Three Tips For Personalized Sales Outreach

Three Tips For Personalized Sales Outreach

Dave Shaby is chief operating officer of RAIN Group, a Top Sales Training Company, and author of “Virtual Selling”

I hesitated to write the headline of this article because the last thing I want to do is slight my friends in marketing. Mass emails certainly have their purpose and place, don’t get me wrong. Think newsletters, content or email blasts announcing new products to an entire customer base. Mass emails can create value and help you stay top of mind.

But when it comes to a seller’s use of email, I’ve found mass mailings are generally a waste of time. Why? Because few business decision-makers will buy from a robot. In fact, that’s rule No. 2 of my company’s 13 golden rules of email prospecting: Don’t be a robot. For sales outreach, especially, it pays to personalize.

The data doesn’t lie.

When standing on my soapbox, touting the need to personalize sales emails, I find it helpful to share research from Gong, based on its analysis of more than 300,000 follow-up prospecting emails. In the spirit of “not being a robot,” there are a few data points from Gong’s findings I believe are important to keep in mind:

• First impressions matter. Response rates steadily decrease after the first interaction.

• Buyers make yes or no decisions in seconds.

While plenty of salespeople will simply copy and paste email templates to send to their prospects, I recommend taking a more personalized approach: copy, paste and customize.

Here’s how:

Three Tips For Personalizing Emails

By following the tips below, you’ll show your recipient that you’re not a robot and that you didn’t just copy, paste and send a generic template.

1. Show your true colors.

I certainly don’t have the charisma of a Denzel Washington, for example, but you might have noticed my personality coming through in my writing style. A little personality and emotion can make things interesting. Here are some words that I’ve found help evoke that kind of emotion:

• Annoyed.

• Upset.

• Doubtful.

• Glad.

• Powerful.

• Inspired.

Aside from the language you use, try infusing your appeal, pitch or offer with some personal details, stories for anecdotes. If you’ve got the chops, a little humor can go a long way as well (but use this with care).

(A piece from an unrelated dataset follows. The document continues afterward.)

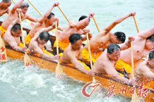 作為主辦方,聚龍村村長周廣耀說。如今已經(jīng)提出“廣佛同城”,我們計劃從今年起將“世代同飲一江水,獅舞龍騰賀同城”作為今后龍舟賽的口號。據(jù)悉,由于今年是廣佛同城第一年,前來聚龍村的龍舟也較往年多,共有32條,10條來自荔灣區(qū)的山村、海北村等,一條來自白云區(qū),其他來自鹽步橫江、聚龍、大瀝謝邊及黃岐等地。在這些龍舟中,其中6條僅游河,26條參加比賽。

2. Make your prospect the protagonist in your story.

I’ve read far too many prospecting emails that start with “I” or “we.” At a fundamental level, you’re contacting someone to bring value to their professional life, right? Therefore, it’s a strange strategy to lead with stuff about you.

Instead, lead with the real protagonist in the story: your buyer. The word “you” is a simple place to start. The best salespeople among us will find engaging ways to make it about the buyer, not themselves. For example:

• “Your post on LinkedIn about XYZ got me thinking … “

• “Congratulations on your new position! As you transition to this new role, have you thought about XYZ?”

• “Your company is making serious headlines today. Congratulations, Martin!”

To make your prospect the protagonist, you need to have seen their post on LinkedIn, heard about their promotion or read the headlines about their company. This requires upfront research and trigger events you can leverage in your outreach. Make sure that whatever you use as the hook is relevant to why you’re reaching out. Make the connection for them.

The best salespeople also follow another core best practice: Show benefits rather than telling features. One of my previous CEOs used to say, “Don’t give them directions to the Sistine Chapel. Put them inside the thing.”

3. Address your prospect by name.

I had a close friend who once wanted to try her hand in sales. She had all the attributes of a good salesperson, except one: She couldn’t remember names to save her life. This is why so many prospects couldn’t remember to call her back.

Did you know that including your recipient’s name in the subject line or body can improve open rates by 26%? I like to mix it up in terms of how I include my recipient’s name, but it’s usually in one (or all) of three places:

• In the subject line: For example, you might say, “Martin: Your MarTech Stack Is Missing Something.”

• In the email body: A simple, “Hi, Martin,” should suffice to kick things off.

• Near the end of the email: For example, you could mention, “I’ll be at your company’s conference next week, Martin. Is there a day we can connect for 15 minutes before one of the sessions?”

When salespeople take time to personalize, it shows.

The effort you put toward personalizing your email outreach efforts shows, and I’ve found doing so can increase your chances of landing a meeting. Now, I understand that time is limited, and writing every single outreach email from scratch may not be sustainable.

So, here’s what to do: Create templates for common scenarios, journey stages, different sequences, job titles and verticals. Then, personalize each one against the three tips I shared above. Let’s call it a hybrid approach, in which you pull a template off the shelf and tailor it to your recipient before clicking send.

Whatever you want to call it, do your prospect a favor: Take time to personalize. It’s a much more professional, customer-centric modus operandi that tends to pay off in the long run.